Comment cette erreur a-t-elle pu se produire ?
La première cause dans cette « fausse identification » est d’abord la similitude inhabituelle entre la trace révélée sur les sacs d’explosifs et l’empreinte de Brandon Mayfield. Mais malgré cette similitude les experts du FBI auraient du pouvoir discriminer la trace et l’empreinte et conclure différemment. Il ne fait aucun doute que ceux-ci ont commis des erreurs méthodologiques comme l’a montré le rapport déclassifié du bureau de l’inspection générale du département de justice américain. Plusieurs causes sont à l’origine de cette erreur parmi lesquelles :
- Le nombre inhabituel de similitudes. Sur la trace, dix minuties identifiées comme des arrêts de ligne et des bifurcations ont été retrouvées sur l’empreinte de Mayfield. Même si ces types de minuties sont fréquentes sur les empreintes digitales le fait de les retrouver au même endroit, dans le même sens et avec le même nombre de crêtes entre elles est un fait relativement rare.
- Le biais de confirmation des experts. Le fait de trouver dix minuties concordantes entre la trace et l’empreinte a influencé le raisonnement des experts qui ne cherchaient ensuite que d’autres points caractéristiques concordant pour confirmer l’identification. Cela a induit les experts à identifier des minuties qui n’étaient pas bien définis sur la trace digitale incriminée.

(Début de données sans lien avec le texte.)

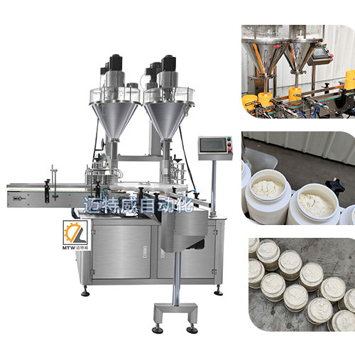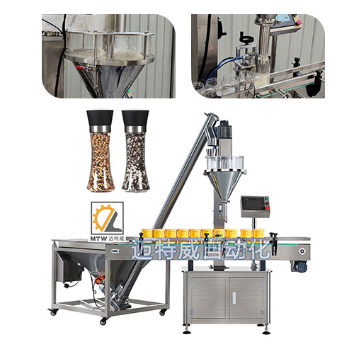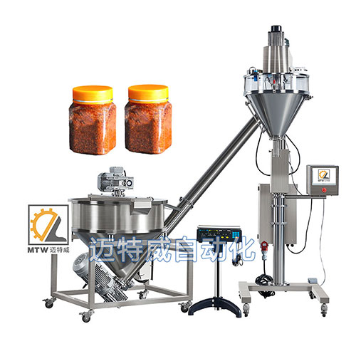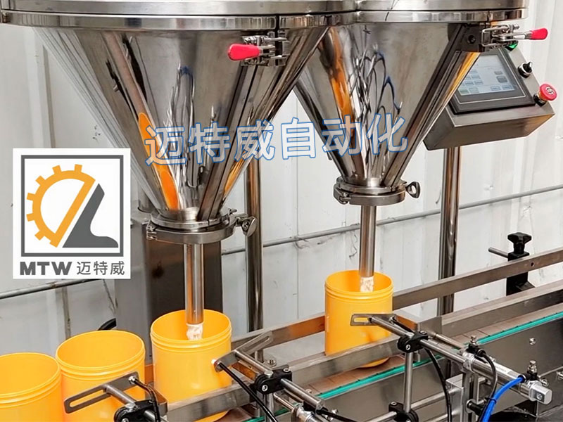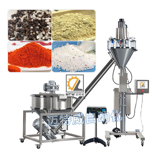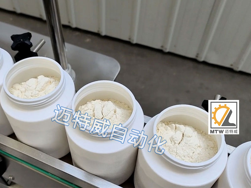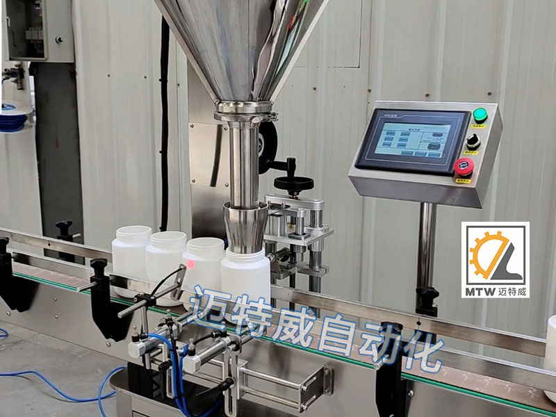 粉劑粉末(顆粒)定量灌裝機適用于粉末及小顆粒自動在線灌裝,能完成瓶子自動定位、充填及計量等工作,由一臺螺桿計量機、一臺鏈板輸送帶及一個氣動定位裝置組成,可與理瓶機、旋蓋機、貼標機等組成整套灌裝流水線。
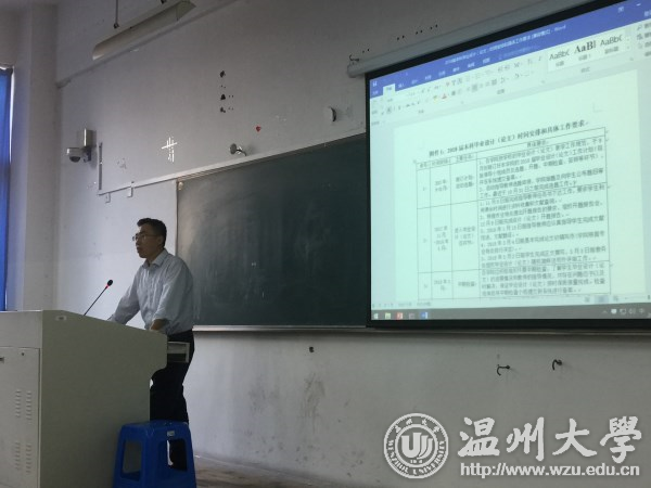 会议由王洪斌博士主持。他就毕业论文时间安排和具体要求做了详细讲解,包括各时间节点需要完成的任务,论文数据支称,导师选择,数据和参考文献查询等等。同时将毕业环节的实习要求和内容做了概述。内容涵盖实习企业的联系,实习时间要求,实习日志,调查报告,实习成绩鉴定等等。
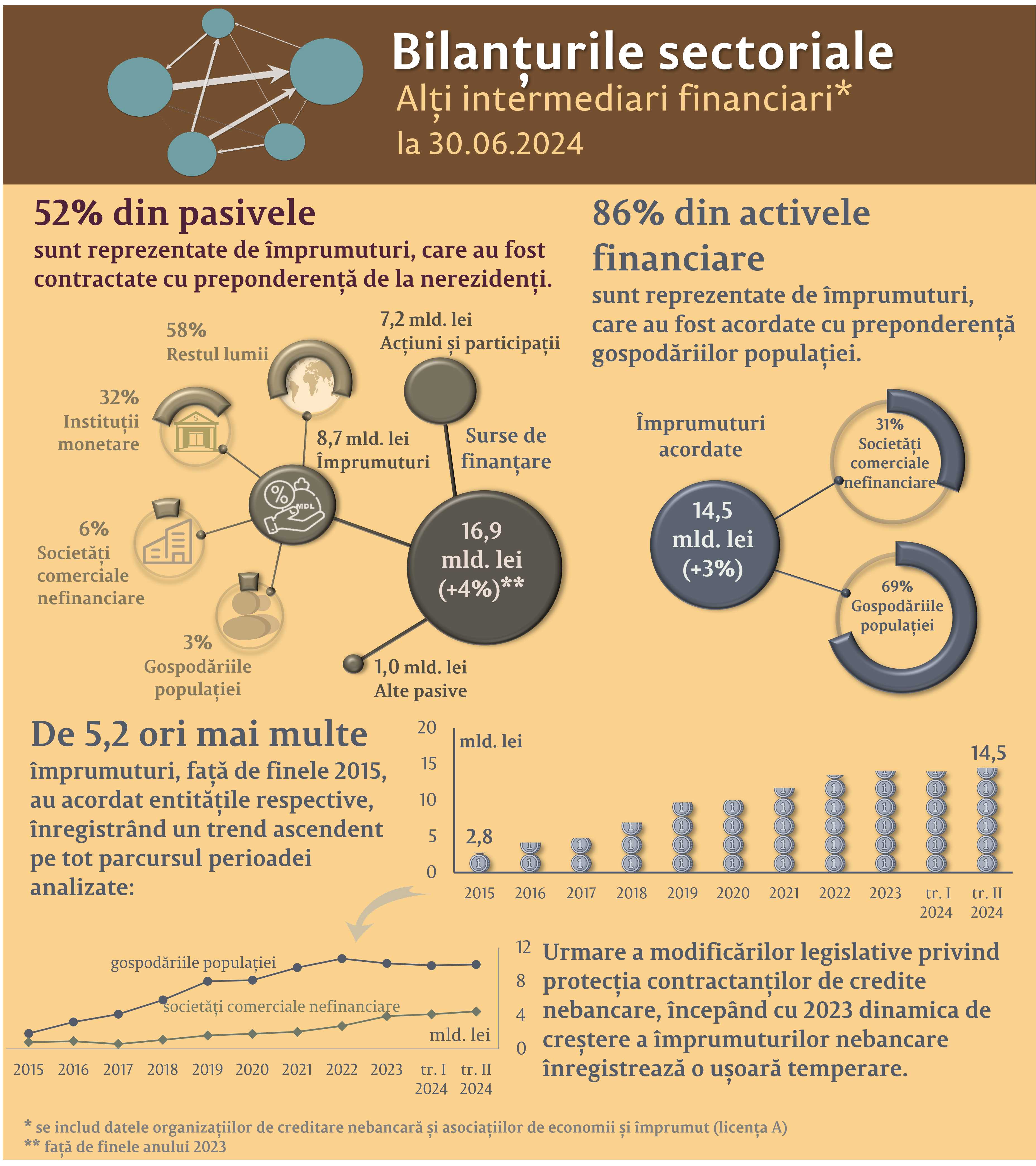 Sectorul societăților financiare a deținut active financiare în valoare totală de 312,4 mld. lei (+2,6 la sută comparativ 31.12.2023), fiind formate, preponderent, din titlurile de natura datoriei procurate (40,9 la sută), împrumuturile acordate (28,2 la sută) și numerar și depozite (23,6 la sută). Pasivele au totalizat 332,1 mld. lei, majorându-se cu 2,3 la sută. În structura acestora, partea majoră a fost deținută de numerar și depozite care a constituit 65,6 la sută.
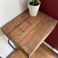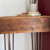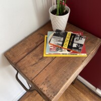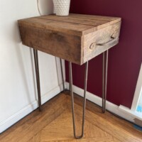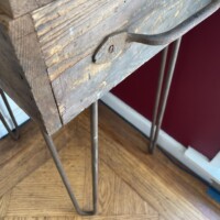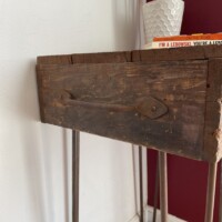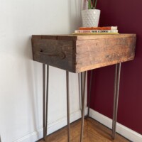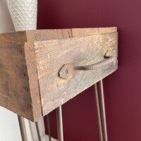 I made this side table from an old drawer that was used by a welder working in the shipyard here in San Francisco. Probably from the 50’s, the drawer has a rustic character, with a large steel drawer pull, and plenty of bumps and bruises from its previous life. There’s some writing on the side that says “Fleet” followed by something I can’t make out, and then “size 1/32”. Note that this is not a functional drawer, the drawer is the table.

- La prise en compte de caractéristiques de niveau 3 dites « de détail » dans l’identification. Les experts ont utilisé certains détails comme la forme des crêtes ou la présence de pores pour identifier l’empreinte de Mayfield. Mais, à la différence du type et de la position des minuties, les caractéristiques de détails du dessin d’une trace digitale peuvent varier légèrement en fonction du mode de révélation, de la pression….
- La mauvaise interprétation des experts pour les différences observées. En dactylotechnie, il existe une règle selon laquelle une seule différence « inexplicable » entre une trace et une empreinte doit permettre de conclure par la négative à une identification. Or, dans le cas de Mayfield, les « traceurs » ont observé plusieurs différences entre des minuties présentes sur la zone en haut à gauche de la trace et absentes sur l’empreinte de Mayfield. Au lieu de conclure à l’exclusion du suspect, les experts ont expliqué qu’il se pouvait que la zone en haut à gauche puisse provenir d’un autre doigt ou d’une autre trace. Malgré la relative « uniformité » de la trace les experts ont donné cette explication qui s’est ensuite avérée fausse.
- La mauvaise qualité de l’image de la trace. Durant toute leur analyse les experts ont travaillé sur une image de la trace envoyée par la police espagnole et non sur la trace originale. Cette image était de faible qualité et ne permettait pas de différencier certaines minuties qui pouvaient être soit des arrêts de ligne soit des bifurcations. De plus l’examen de la trace originale sur le sac plastique bleu permettait de constater que la trace faisait partie de trois traces simultanées et qu’il devait probablement s’agir d’un médius droit. Or le FBI a identifié le médius gauche de Mayfield.
Les experts du FBI identifient les traces avec une méthode basée à la fois sur des critères qualitatifs et quantitatifs. Aux Etats-Unis il n’existe pas de «standard numérique» comme en Espagne ou en France où il est nécessaire d’observer douze points caractéristiques similaires et aucune discordance pour identifier la trace à l’empreinte. Cependant, quelle que soit la méthode utilisée, les erreurs commises par les experts menaient à une fausse identification. En effet, les experts pensaient avoir découvert 15 minuties similaires entre la trace et l’empreinte.
Cette affaire rappelle que la police scientifique n’est pas à l’abri de commettre des erreurs. Ces erreurs sont souvent dramatiques car elles peuvent à elles-seules décider du sort d’un suspect comme ce fut le cas dans l’affaire Mayfield. La police scientifique n’est bien sûr pas infaillible et ne peut prouver à elle seule la culpabilité d’un suspect.
Le statut d’un expert fait que ses conclusions sont perçues comme des vérités scientifiques alors qu’il y a bien souvent un travail d’interprétation des résultats de sa part. L’expert ou des institutions de renom peuvent ainsi être considérées à tort comme à l’abri de l’erreur.
La police essaye de limiter ces erreurs en mettant en place des protocoles rigoureux (nombre de points caractéristiques minimum, confirmation par un deuxième expert, absence du nom du candidat lors de la première identification). Avec le respect de ces protocoles, le pourcentage d’erreur est minimisé mais les erreurs restent possible, ce qui n’est pas toujours envisagé par des jurés ou des magistrats.
Fin novembre 2006, les Etats-Unis sont condamnés à payer 2 millions de dollars à Brandon Mayfield pour ses 14 jours de captivité.